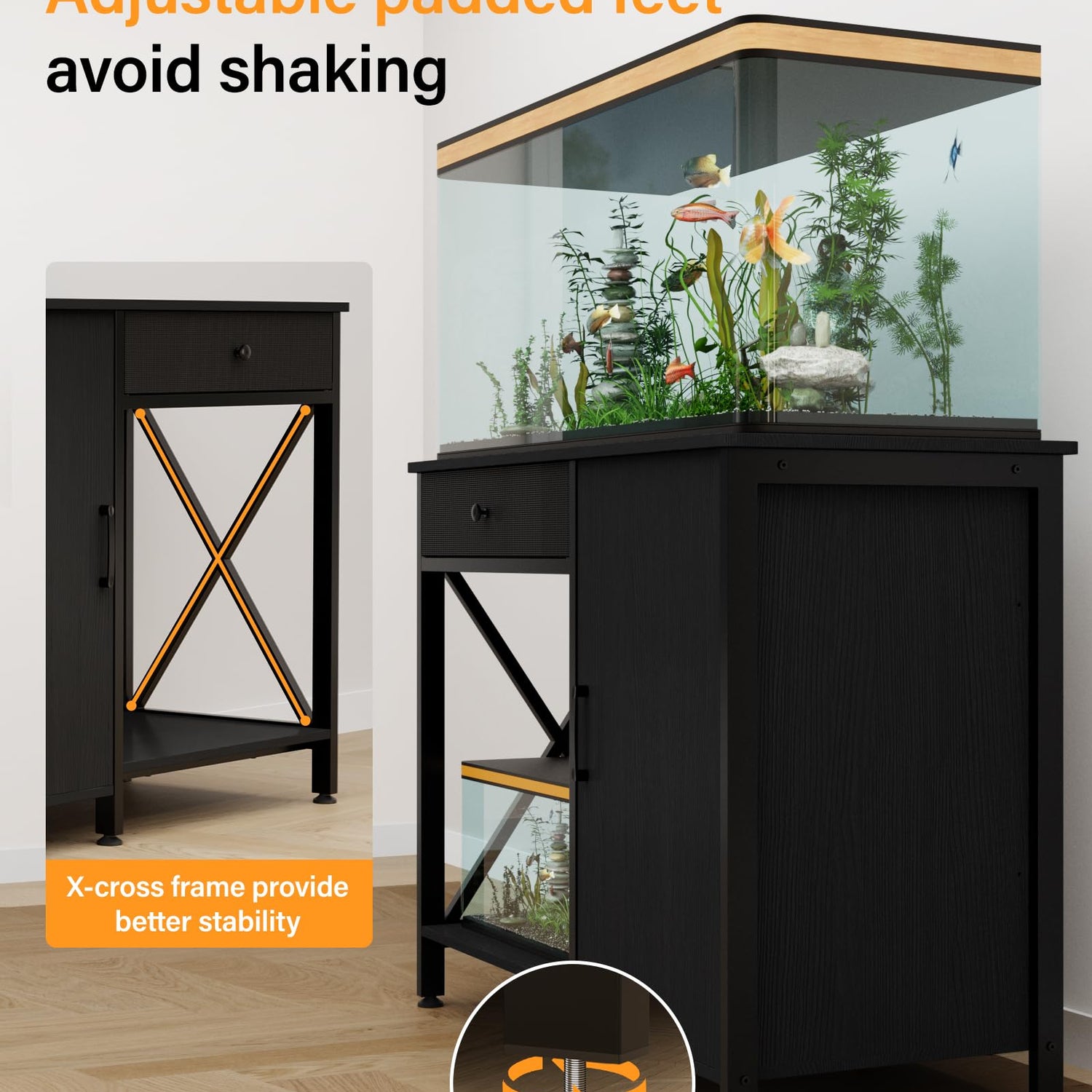 - Sleek, Modern Appearance: With a modern black metal frame and MDF tabletop, this aquarium stand fits perfectly into any contemporary, industrial, or rustic decor. Ideal for fish tanks, turtle enclosures, or reptile terrariums in the living room, bedroom, or office. (Aquarium not included.)
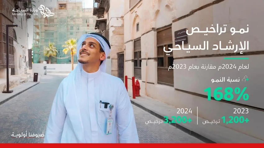 وتضمنت البيانات أعداد تراخيص الإرشاد السياحي، حيث بلغت 3,284 ترخيصًا، بنسبة نمو بلغت 168 % مقارنةً بالعام 2023م البالغ عددها 1221 ترخيصًا.
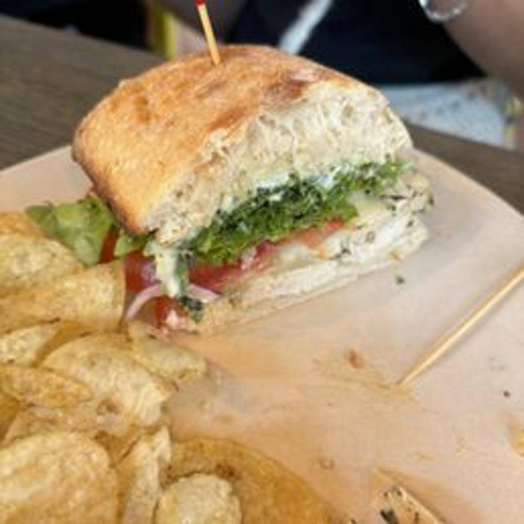 Tender grilled chicken breast marinated in a vibrant basil pesto, offering a fresh and herbaceous flavor profile.
-.-.-
(AIM OF THE EXERCISE) Repeat the material exactly and drop each image.

(SOLUTION TO THIS EXERCISE)
 - Sleek, Modern Appearance: With a modern black metal frame and MDF tabletop, this aquarium stand fits perfectly into any contemporary, industrial, or rustic decor. Ideal for fish tanks, turtle enclosures, or reptile terrariums in the living room, bedroom, or office. (Aquarium not included.)
 وتضمنت البيانات أعداد تراخيص الإرشاد السياحي، حيث بلغت 3,284 ترخيصًا، بنسبة نمو بلغت 168 % مقارنةً بالعام 2023م البالغ عددها 1221 ترخيصًا.
 Tender grilled chicken breast marinated in a vibrant basil pesto, offering a fresh and herbaceous flavor profile.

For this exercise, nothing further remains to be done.